Readers, I have had a correspondent characterize my views as realistic cynical. Let me briefly explain them. I believe in universal programs that provide concrete material benefits, especially to the working class. Medicare for All is the prime example, but tuition-free college and a Post Office Bank also fall under this heading. So do a Jobs Guarantee and a Debt Jubilee. Clearly, neither liberal Democrats nor conservative Republicans can deliver on such programs, because the two are different flavors of neoliberalism (“Because markets”). I don’t much care about the “ism” that delivers the benefits, although whichever one does have to put common humanity first, as opposed to markets. Could be a second FDR saving capitalism, democratic socialism leashing and collaring it, or communism razing it. I don’t much care, as long as the benefits are delivered. To me, the key issue — and this is why Medicare for All is always first with me — is the tens of thousands of excess “deaths from despair,” as described by the Case-Deaton study, and other recent studies. That enormous body count makes Medicare for All, at the very least, a moral and strategic imperative. And that level of suffering and organic damage makes the concerns of identity politics — even the worthy fight to help the refugees Bush, Obama, and Clinton’s wars created — bright shiny objects by comparison. Hence my frustration with the news flow — currently in my view the swirling intersection of two, separate Shock Doctrine campaigns, one by the Administration, and the other by out-of-power liberals and their allies in the State and in the press — a news flow that constantly forces me to focus on matters that I regard as of secondary importance to the excess deaths. What kind of political economy is it that halts or even reverses the increases in life expectancy that civilized societies have achieved? I am also very hopeful that the continuing destruction of both party establishments will open the space for voices supporting programs similar to those I have listed; let’s call such voices “the left.” Volatility creates opportunity, especially if the Democrat establishment, which puts markets first and opposes all such programs, isn’t allowed to get back into the saddle. Eyes on the prize! I love the tactical level, and secretly love even the horse race, since I’ve been blogging about it daily for fourteen years, but everything I write has this perspective at the back of it.


  1. Sound of the Suburbs

    The world is full of pent up demand to restore growth.

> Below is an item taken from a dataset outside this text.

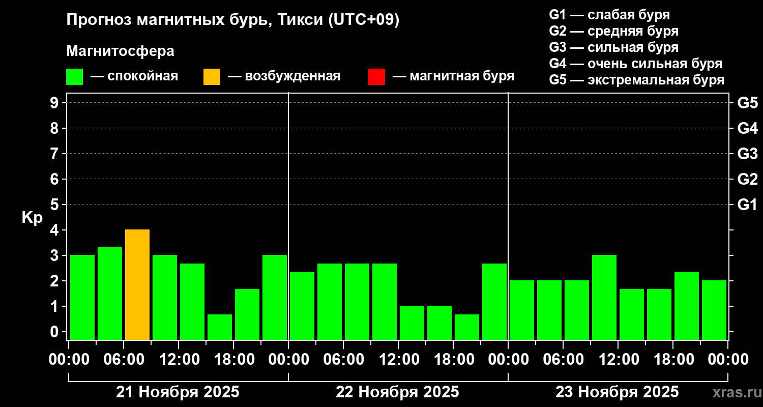 Прогноз магнитных бурь Тикси — 21 ноября 2025 года

    In Greece the poor can no longer even afford bread.

    2016– “Richest 62 people as wealthy as half of world’s population”

    Inequality is the problem.

    Just imagine the new demand if some of that wealth was re-distributed.

    The new demand would spur new investment opportunities, there is no where to invest now due to the lack of demand and many investments have negative yields as the world is deluged with investment capital.

    Time for a New Deal.

  2. Sound of the Suburbs

    After 2008.

    The West went for monetary policy, China went for fiscal policy.

    The West kept asset prices up but little trickled down to the real economy and it stagnated.

    China became the new engine of global growth and its insatiable demand for raw materials led to booms in most of the emerging market economies.

    Unfortunately, China had taken on its own version of neo-liberalism causing massive inequality.

    The wealthy took their money out of China and invested in property, classic cars, fine art and luxury yachts as the global rich do.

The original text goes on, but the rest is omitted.